Nous avons vu au 4ème chapitre comment est né et a grandi le besoin de juristes.
Le nouvel État centralisé qui prenait la place de l’association plus ou moins lâche des entités féodales, ne pouvait fonctionner avec avec le seul relais administratif de la noblesse et de l’Église. Celui-ci était devenu même carrément une gêne.
Lui fut substituée une bureaucratie centralisée, une catégorie de gens pour qui l’administration n’était pas une occupation accessoire, mais une activité exclusive et professionnelle.
Pour former tous ces éléments, il fallait de nombreuses écoles, de nombreux enseignants.
C’est ainsi que prit corps une classe nombreuse d’individus se recrutant pour l’essentiel dans la bourgeoisie et y ayant leurs racines, et qui tiraient leurs moyens d’existence de la mise en œuvre de leur intelligence, raison pour laquelle on peut globalement donner à cette classe l’étiquette d’« intelligentsia », ce qui ne veut bien sûr pas dire que tous ses membres aient été intelligents ni qu’il n’y eût d’intelligence que parmi eux.
De leurs rangs surgirent des penseurs qui ne se donnaient pas pour tâche de mettre leur savoir directement au service d’applications concrètes, mais d’explorer les relations fondamentales qui structurent la nature et la société et d’en dégager les lois, sans se demander si elles ont éventuellement une utilité pratique dans la vie civile, des penseurs pour lesquels la recherche était un but se suffisant à lui-même, pas un moyen au service d’une fin.
Quelque abstraites cependant que les théories de ces philosophes aient pu être, leurs besoins personnels étaient de nature extrêmement concrète. Ils voulaient vivre, et pour bon nombre d’entre eux, vivre bien .
Chez les Grecs de l’Antiquité, et notamment les Athéniens, la recherche de la vérité, la philosophie, avait été la plus noble activité des hommes libres de la classe possédante, leur apanage. Le loisir, reposant sur le travail des esclaves et d’autres méthodes d’exploitation, était mis au service des sciences et des arts.
Même chose chez les anciens Romains, mais ceux-ci était d’une étoffe plus grossière.
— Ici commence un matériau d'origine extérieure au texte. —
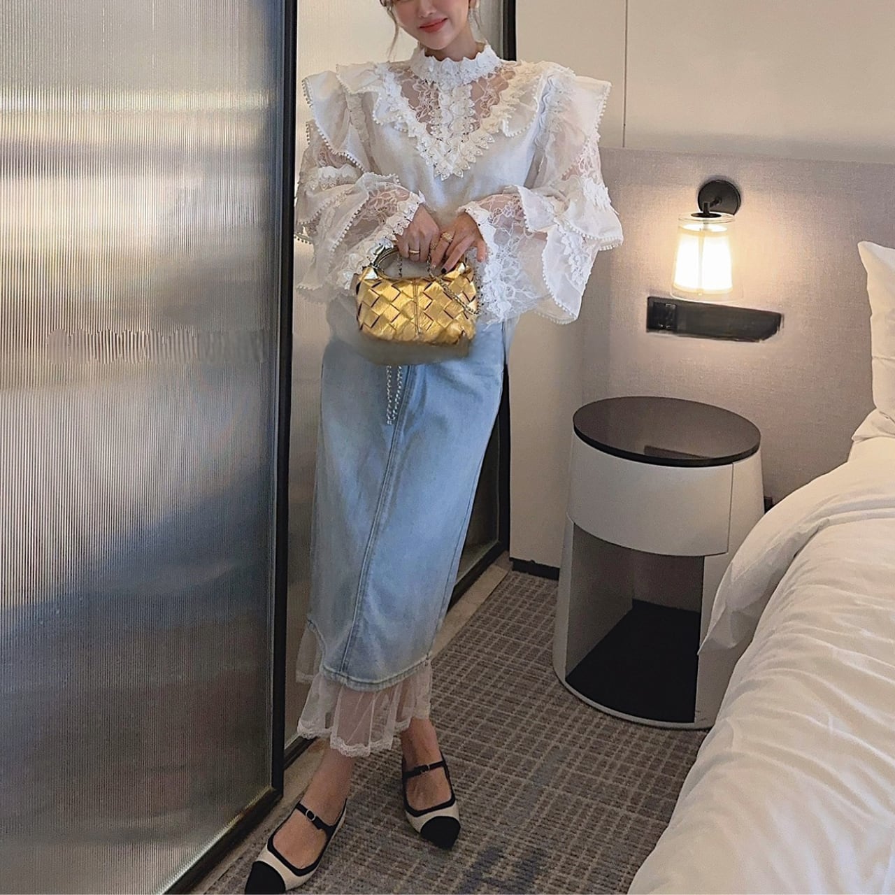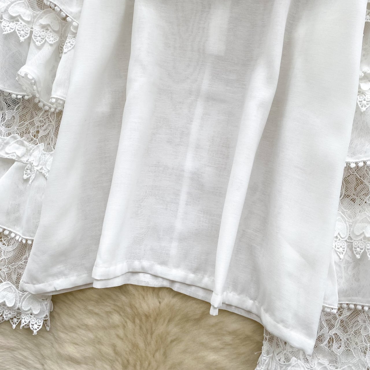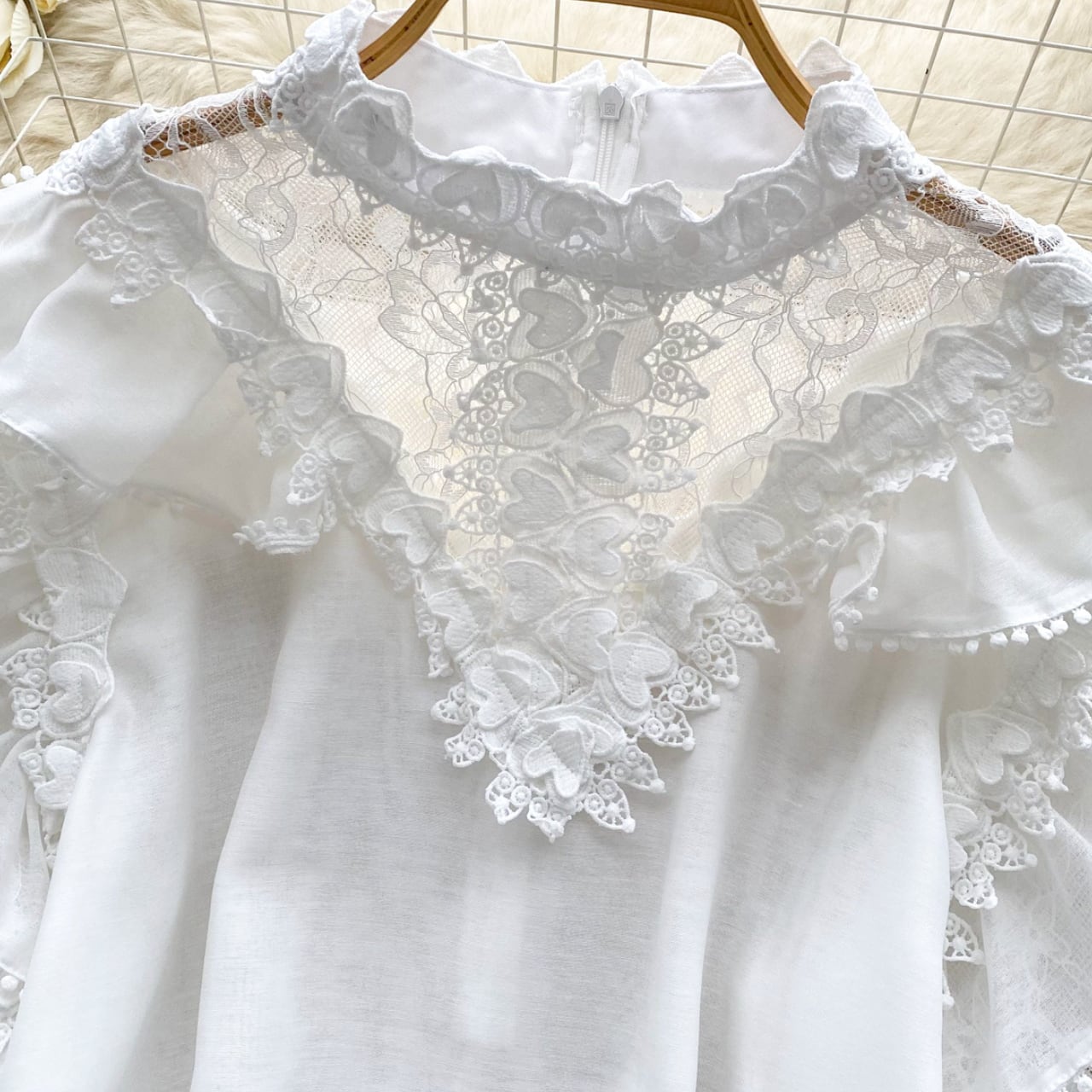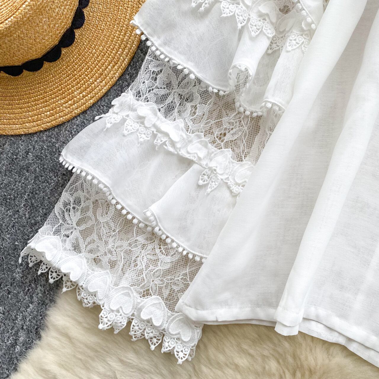 透け感のあるディテールと立体的なレースが上品で、特別な日のお出かけやデイリーコーデにも華やぎをプラスします。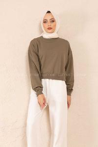 Modalamelif Düz Renk Crop Sweatshirt Haki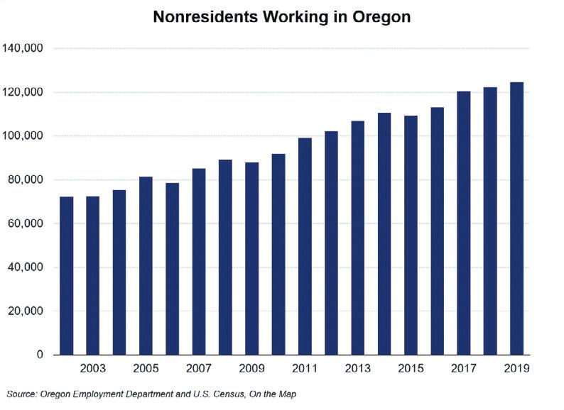 Information about Oregon’s nonresident workers is from the U.S. Census Bureau’s OnTheMap data, part of the Local Employment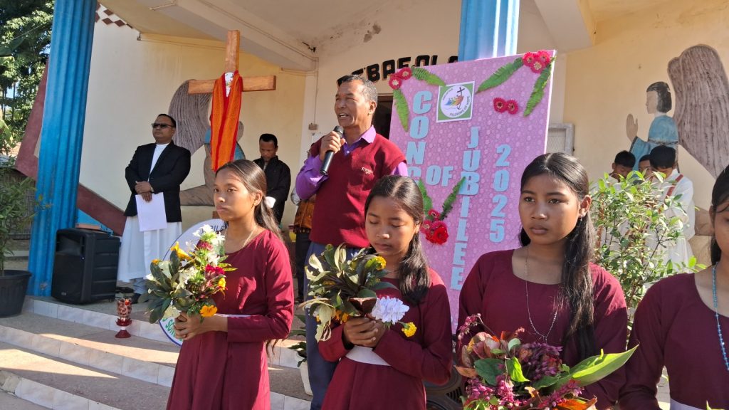 During a brief programme, two parish leaders shared their testimonies on the spiritual impact of the Jubilee Cross’s pilgrimage across all the villages and the year-long celebration of the Jubilee Year 2025. They highlighted the enthusiastic and widespread participation of the faithful, noting that the pilgrimage strengthened the faith of the people and touched even the lukewarm hearts. The youth of Rongkuroi village further enriched the occasion by presenting a graceful dance performance to the Jubilee theme song, “Pilgrims of Hope.”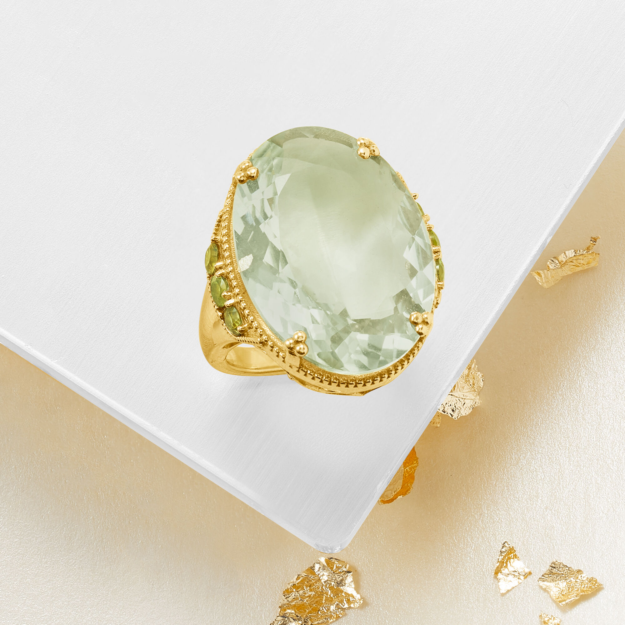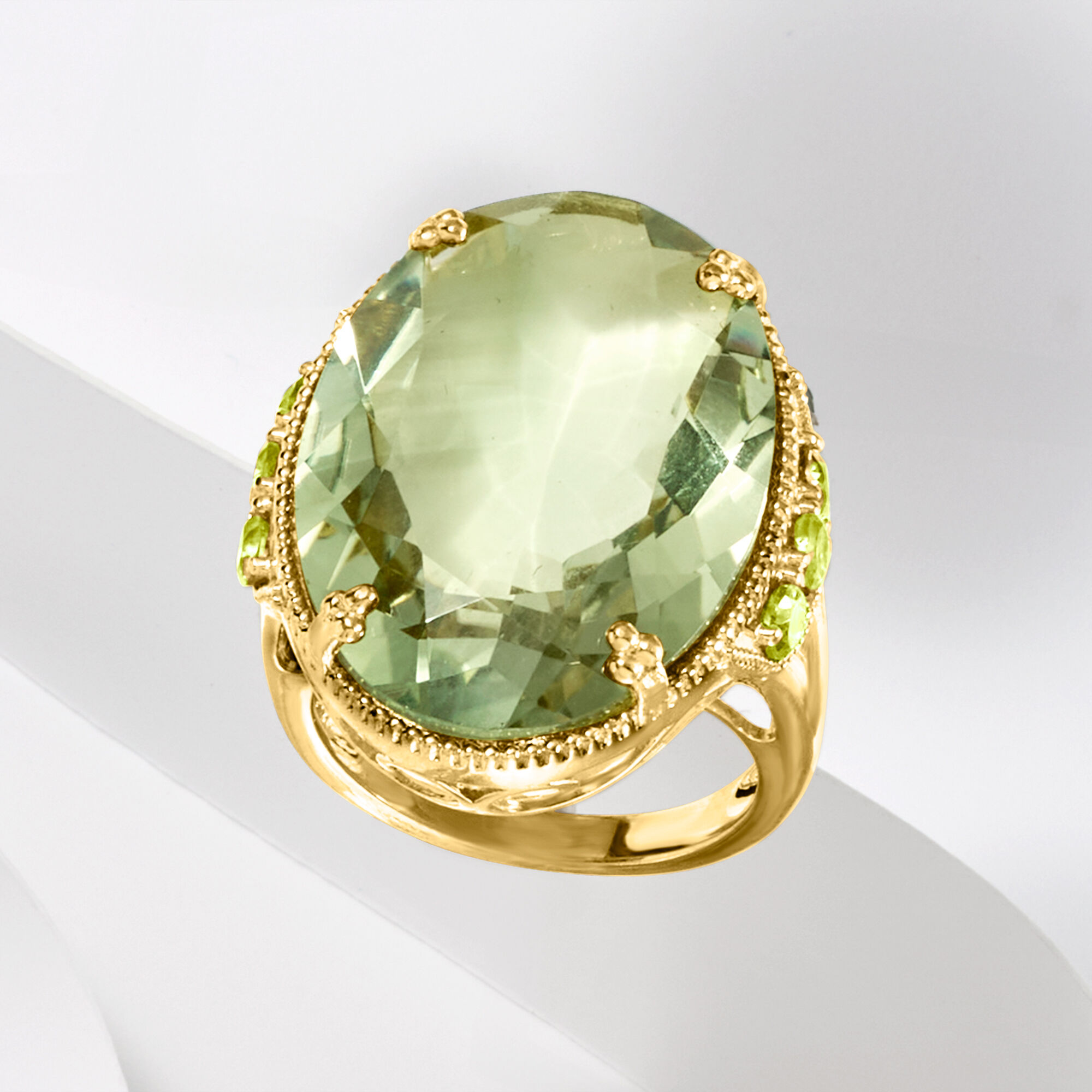 20.00 Carat Prasiolite and .80 ct. t.w. Peridot Ring in 18kt Gold Over Sterling
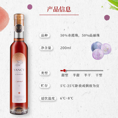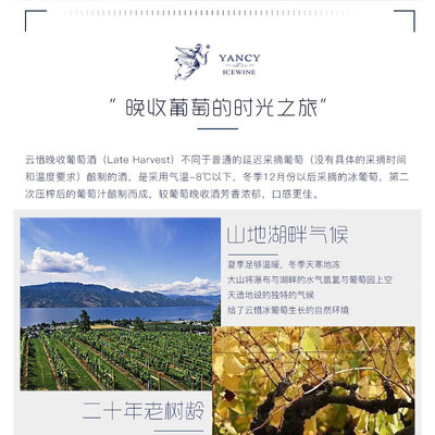 精选冬季采摘的结冰葡萄,二次压榨后再入桶酿造,比普通采摘的葡萄更为馥郁芳香,口感也舒适不刺激。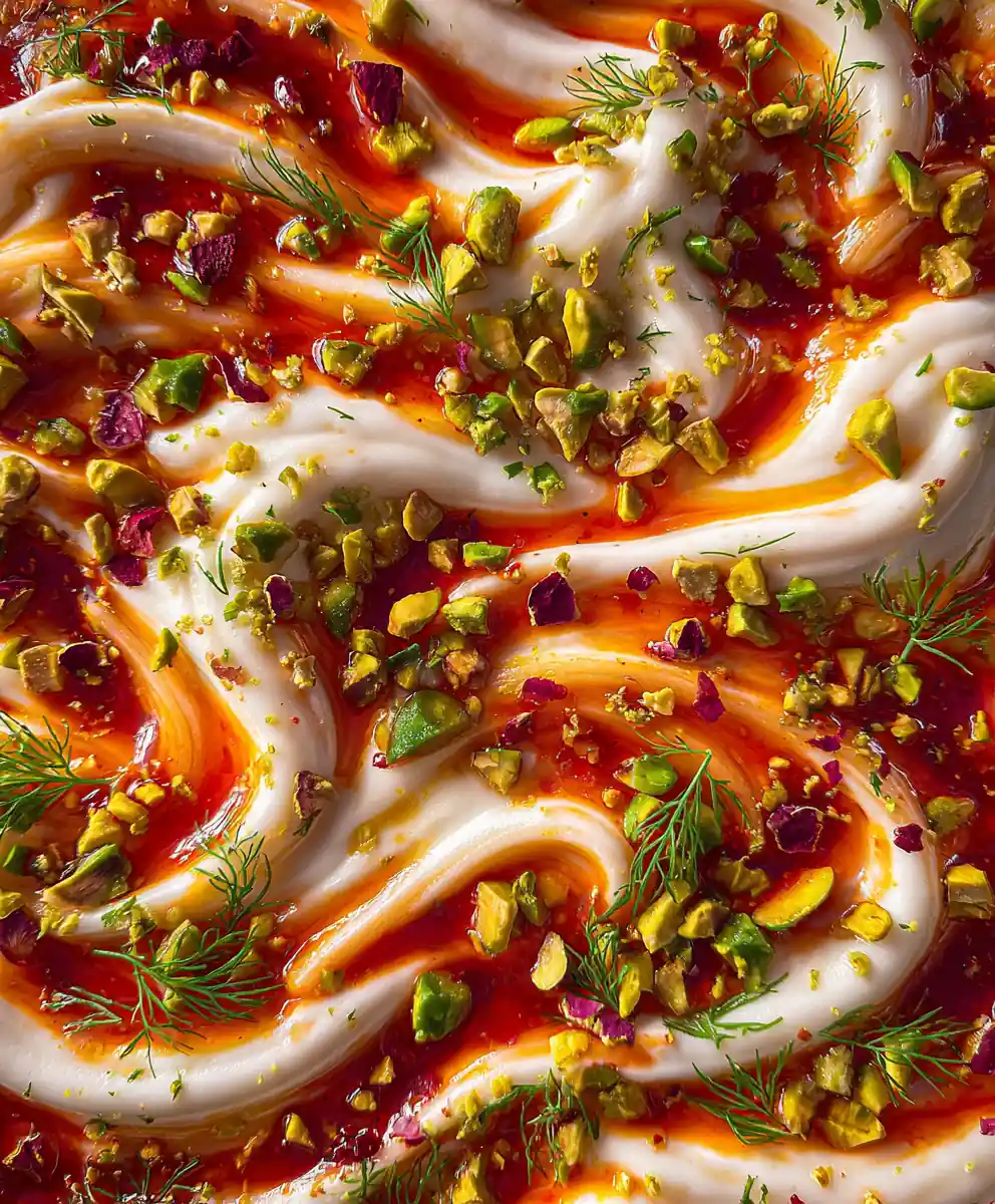 - Combine and Serve: Add the drained pasta to the tomato sauce in the skillet. Toss to coat evenly; the pasta should look beautifully red. If the sauce feels too thick for your preference, add a tablespoon or two of the reserved pasta water until it reaches your desired consistency. To serve, spoon a generous portion of the pasta into a shallow bowl, mounding it slightly. Create a dramatic swirl of the garlic yogurt over the pasta using the back of a spoon. Drizzle the warm, vibrant Aleppo pepper and sumac butter generously over the yogurt and pasta, ensuring a glossy red sheen. Scatter the roughly chopped pistachios primarily over the butter and yogurt for a distinct green crunch, then sprinkle with fresh dill for aromatic freshness.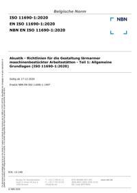 EN ISO 11690-1 : Akustik - Richtlinien für die Gestaltung lärmarmer maschinenbestückter Arbeitsstätten - Teil 1: Allgemeine Grundlagen (ISO 11690-1:2020).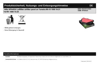 | Titel: | Hiflo HFA4924 Luftfilter airfilter passt an Yamaha Mt-10 1000 16-21 Yzf-R1 1000 15-24 |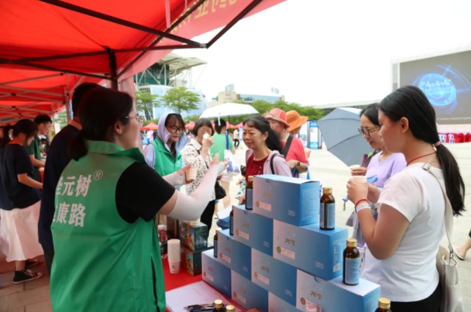 作为受邀参展单位之一,威廉希尓指数500药业携元气小树®牛磺酸能量饮、威廉希尓指数500树®西洋参牛磺酸口服液等多个科学功能营养品牌亮相活动展区。工作人员向广大市民群众普及健康科学知识,介绍以牛磺酸为核心成分的健康产品的特色与亮点,吸引了许多市民群众驻足试饮、咨询和购买,现场氛围热烈。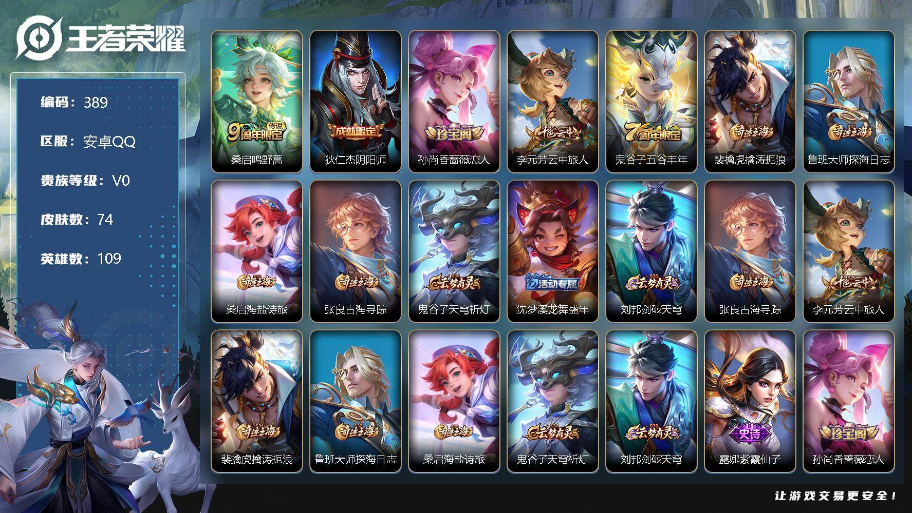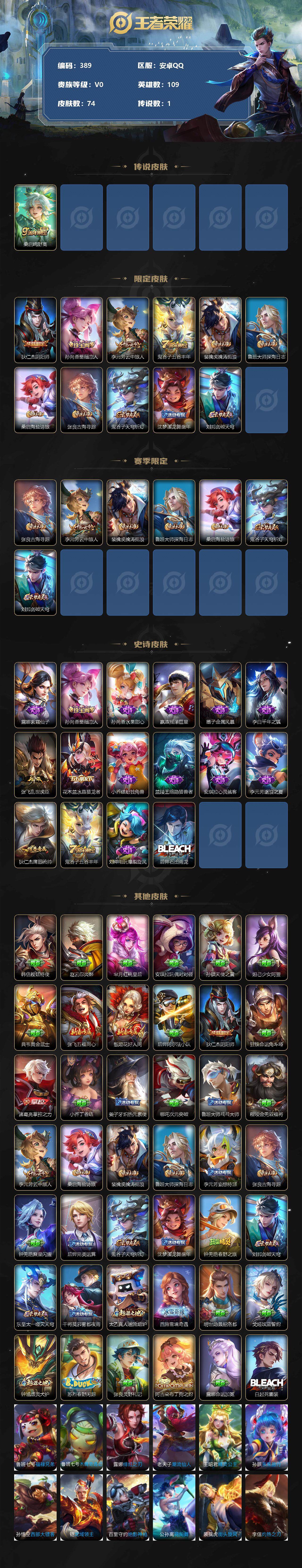 [13865521]安卓Q-V0-尊贵铂金II段位-109英雄-74皮肤-0典藏-0珍品无双-0无双-0珍品传说-1传说-16史诗

Ils étaient passés trop brutalement de l’état de paysans épais à celui de maîtres de monde pour que, chez la majorité des possédants libres, la boulimie d’exploitation et le désir impulsif de jouissances extravagantes et de fanfaronnades ridicules n’ait pas pris le pas chez la majorité des possédants libres sur la soif de savoir et les plaisirs esthétiques.
Mais quel ne fut pas le sort des sciences, et avec elles, des beaux-arts, quand, à la fin du Moyen-Âge, les unes et les autres commencèrent à sortir de leur sommeil !
D’un côté, hormis la noblesse de cour dont nous allons reparler tout de suite, voilà des seigneurs féodaux mal dégrossis dans leur peau de paysans et des prêtres obtus pour qui ne comptaient que des plaisirs primitifs, et de l’autre un monde de commerçants qui, à quelques exceptions près, à force de calculer et de spéculer en vue du profit, perdaient d’autant plus toute capacité à se livrer à des spéculations abstraites que la compétition économique se faisait plus acharnée.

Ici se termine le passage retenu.